(Beginning of RAW DATA)

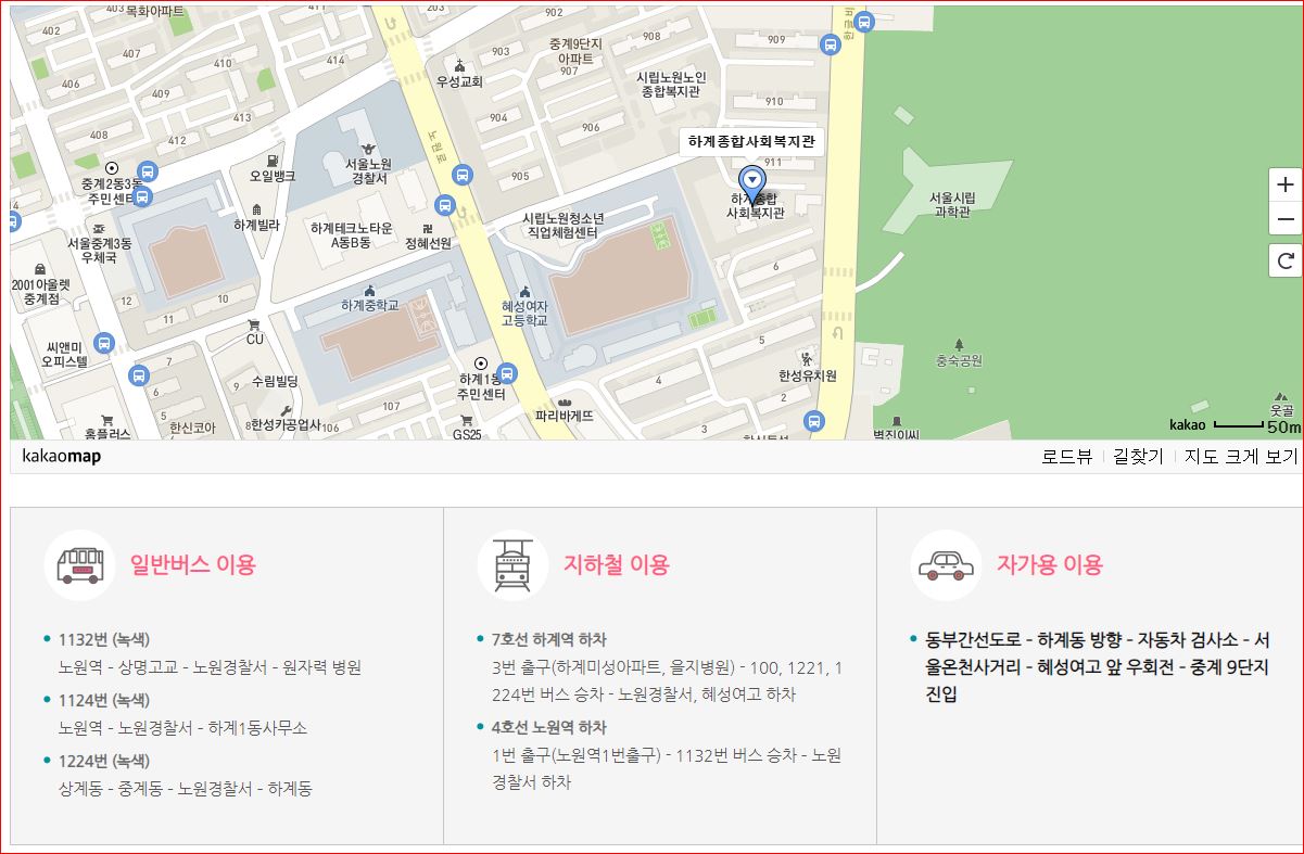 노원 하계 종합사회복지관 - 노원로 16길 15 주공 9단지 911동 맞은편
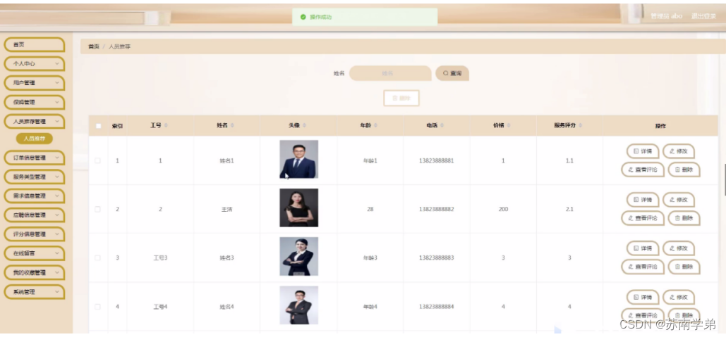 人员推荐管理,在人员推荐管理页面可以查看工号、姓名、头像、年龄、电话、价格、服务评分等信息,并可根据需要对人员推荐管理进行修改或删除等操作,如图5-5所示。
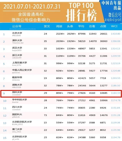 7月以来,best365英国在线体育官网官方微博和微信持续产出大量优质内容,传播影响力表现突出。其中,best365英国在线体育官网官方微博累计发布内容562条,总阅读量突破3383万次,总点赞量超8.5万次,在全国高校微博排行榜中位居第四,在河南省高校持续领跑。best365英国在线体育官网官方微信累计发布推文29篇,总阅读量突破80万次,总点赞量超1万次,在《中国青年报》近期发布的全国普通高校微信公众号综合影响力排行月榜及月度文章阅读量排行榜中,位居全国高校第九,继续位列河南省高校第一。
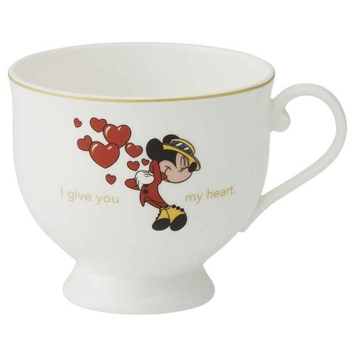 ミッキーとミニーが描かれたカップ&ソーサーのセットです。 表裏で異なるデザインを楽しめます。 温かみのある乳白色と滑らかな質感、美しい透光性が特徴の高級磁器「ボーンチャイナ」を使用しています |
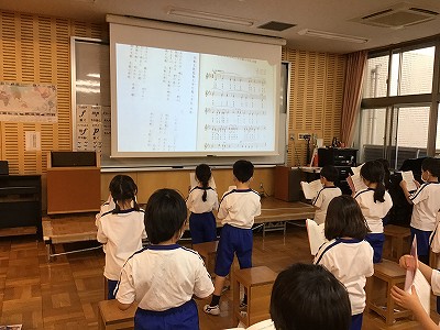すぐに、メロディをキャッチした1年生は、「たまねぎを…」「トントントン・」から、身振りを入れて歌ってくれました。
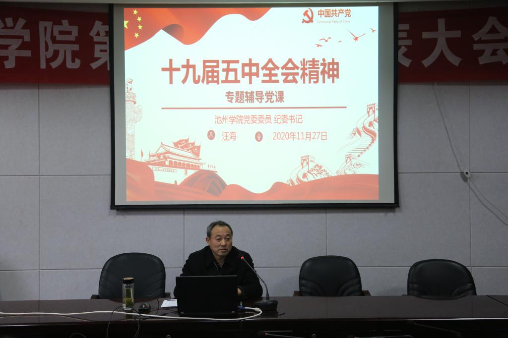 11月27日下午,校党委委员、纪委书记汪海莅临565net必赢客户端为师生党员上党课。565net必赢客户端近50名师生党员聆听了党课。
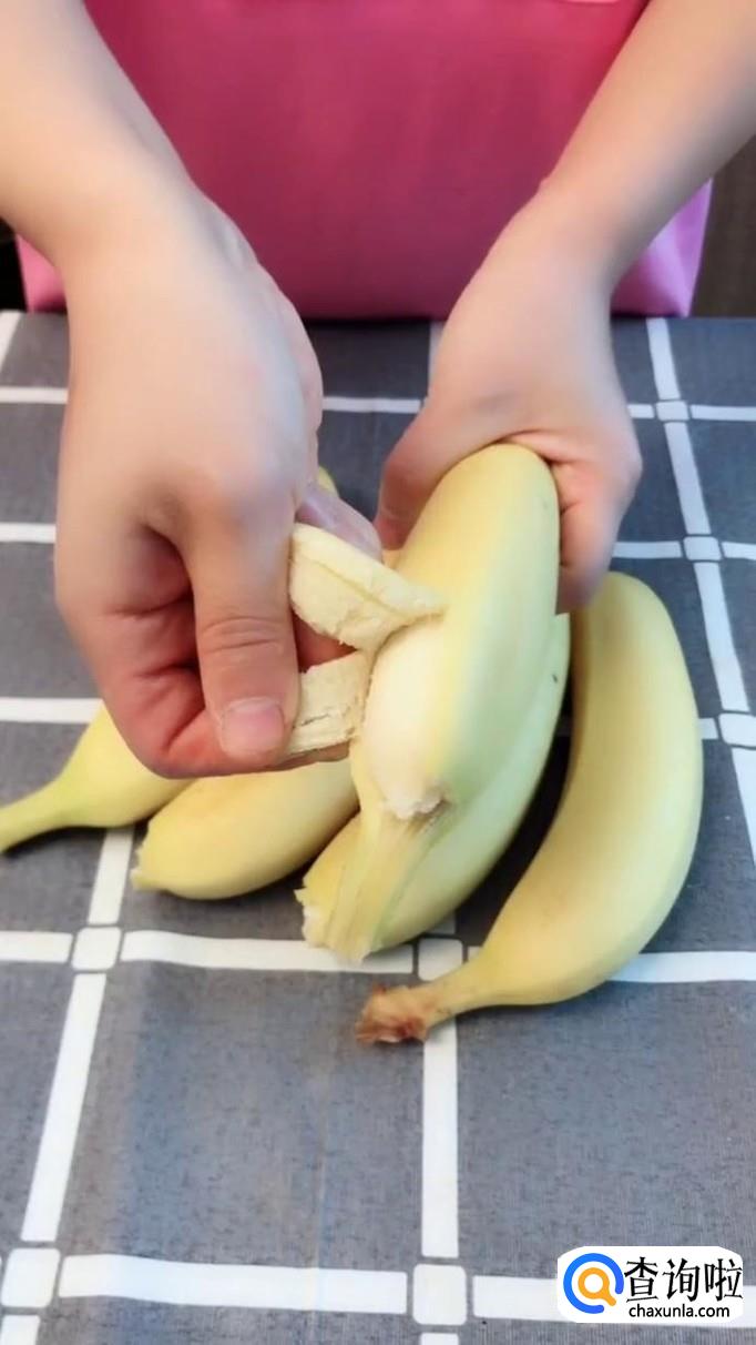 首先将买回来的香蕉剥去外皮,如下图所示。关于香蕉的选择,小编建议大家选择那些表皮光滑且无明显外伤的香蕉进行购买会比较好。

(End of RAW DATA)

> **WHAT IS NEEDED**
Please repeat, with no pictures, each line from the start of the records above through the line with "7月以来,best365英国", inclusive, and only those.

> **SOLUTION BELOW**
 노원 하계 종합사회복지관 - 노원로 16길 15 주공 9단지 911동 맞은편
 人员推荐管理,在人员推荐管理页面可以查看工号、姓名、头像、年龄、电话、价格、服务评分等信息,并可根据需要对人员推荐管理进行修改或删除等操作,如图5-5所示。
 7月以来,best365英国在线体育官网官方微博和微信持续产出大量优质内容,传播影响力表现突出。其中,best365英国在线体育官网官方微博累计发布内容562条,总阅读量突破3383万次,总点赞量超8.5万次,在全国高校微博排行榜中位居第四,在河南省高校持续领跑。best365英国在线体育官网官方微信累计发布推文29篇,总阅读量突破80万次,总点赞量超1万次,在《中国青年报》近期发布的全国普通高校微信公众号综合影响力排行月榜及月度文章阅读量排行榜中,位居全国高校第九,继续位列河南省高校第一。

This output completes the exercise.